Problem to solve – Omitting all images, set down every line below exactly as it appears.

*** Opening Dataset excerpt ***

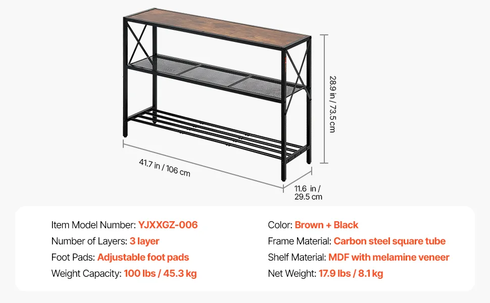 VEVOR Tavolo Stretto Dietro Divano, Tavolino da Ingresso Lungo a 3 Livelli e Tavola da Corridoio Sottile, con Struttura in Metallo, per Ingresso, Corridoio, Soggiorno, 106 x 29,5 x 73,5 cm
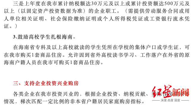 7月13日,“五指山市政府”公众号发布了五指山市住房和城乡建设局印发的《关于进一步优化调整房地产调控政策的通知》。在“支持人才购房”相关政策中提到:鼓励高校学生扎根海南。在海南省专科及以上高校就读的学生凭所在学校的集体户口或学生证,可在该市购买1套商品住房。允许因到省外高校读书学习、工作落户在外省的原海南户籍人员在该市购买1套商品住房。
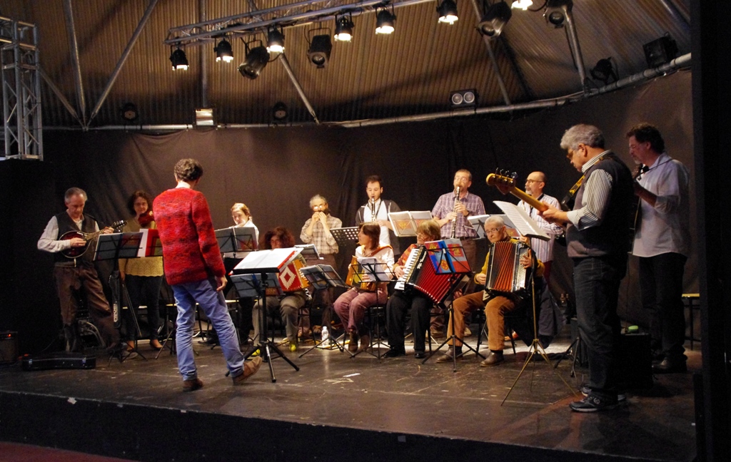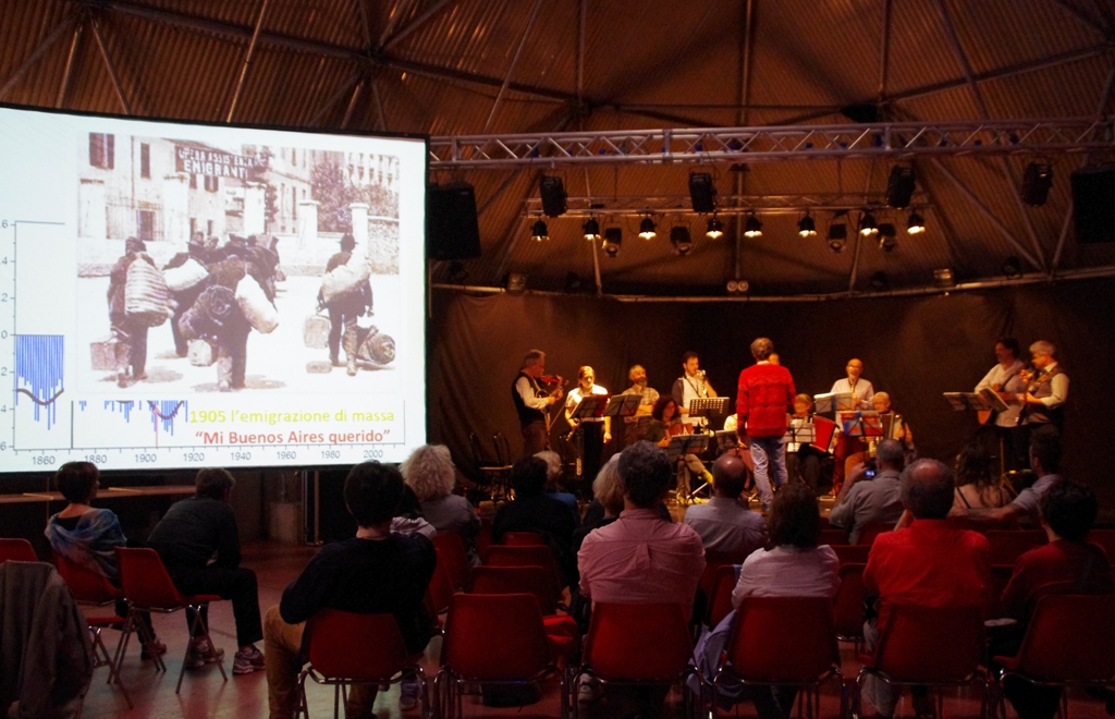 “Una calda atmosfera” è uno spettacolo di musica e parole che introduce i concetti di clima terrestre, effetto serra, gas serra, riscaldamento globale, energie fossili e rinnovabili, efficienza energetica e pratiche di mitigazione e riduzione delle emissioni umane in atmosfera. Il trattamento del tema è affidato a Vittorio Marletto, agrometeorologo esperto che svolge attività divulgativa come blogger (pianetaserra.wordpress.com) e da diversi anni in scuole e circoli. La sua presentazione è intervallata da una serie di pezzi musicali eseguiti con brio e simpatia dall’Orchestra “La Rumorosa”, una compagine popolare nata a Nonantola e attiva dal 2008. I brani musicali dello spettacolo sono inquadrati lungo una falsariga temporale illustrata nel grafico delle temperature globali in aumento. Si eseguiranno, in particolare, “Tesoro mio”, “Procidana”, “Mi Buenos Aires querido” (tango), “Amatola”, “Tre donne belle”, “Valzer di Kiev”, “Il buco” e, in chiusura, “Valzer di mezzanotte”.

*** Closing Dataset excerpt ***

Response –
 VEVOR Tavolo Stretto Dietro Divano, Tavolino da Ingresso Lungo a 3 Livelli e Tavola da Corridoio Sottile, con Struttura in Metallo, per Ingresso, Corridoio, Soggiorno, 106 x 29,5 x 73,5 cm
 7月13日,“五指山市政府”公众号发布了五指山市住房和城乡建设局印发的《关于进一步优化调整房地产调控政策的通知》。在“支持人才购房”相关政策中提到:鼓励高校学生扎根海南。在海南省专科及以上高校就读的学生凭所在学校的集体户口或学生证,可在该市购买1套商品住房。允许因到省外高校读书学习、工作落户在外省的原海南户籍人员在该市购买1套商品住房。
 “Una calda atmosfera” è uno spettacolo di musica e parole che introduce i concetti di clima terrestre, effetto serra, gas serra, riscaldamento globale, energie fossili e rinnovabili, efficienza energetica e pratiche di mitigazione e riduzione delle emissioni umane in atmosfera. Il trattamento del tema è affidato a Vittorio Marletto, agrometeorologo esperto che svolge attività divulgativa come blogger (pianetaserra.wordpress.com) e da diversi anni in scuole e circoli. La sua presentazione è intervallata da una serie di pezzi musicali eseguiti con brio e simpatia dall’Orchestra “La Rumorosa”, una compagine popolare nata a Nonantola e attiva dal 2008. I brani musicali dello spettacolo sono inquadrati lungo una falsariga temporale illustrata nel grafico delle temperature globali in aumento. Si eseguiranno, in particolare, “Tesoro mio”, “Procidana”, “Mi Buenos Aires querido” (tango), “Amatola”, “Tre donne belle”, “Valzer di Kiev”, “Il buco” e, in chiusura, “Valzer di mezzanotte”.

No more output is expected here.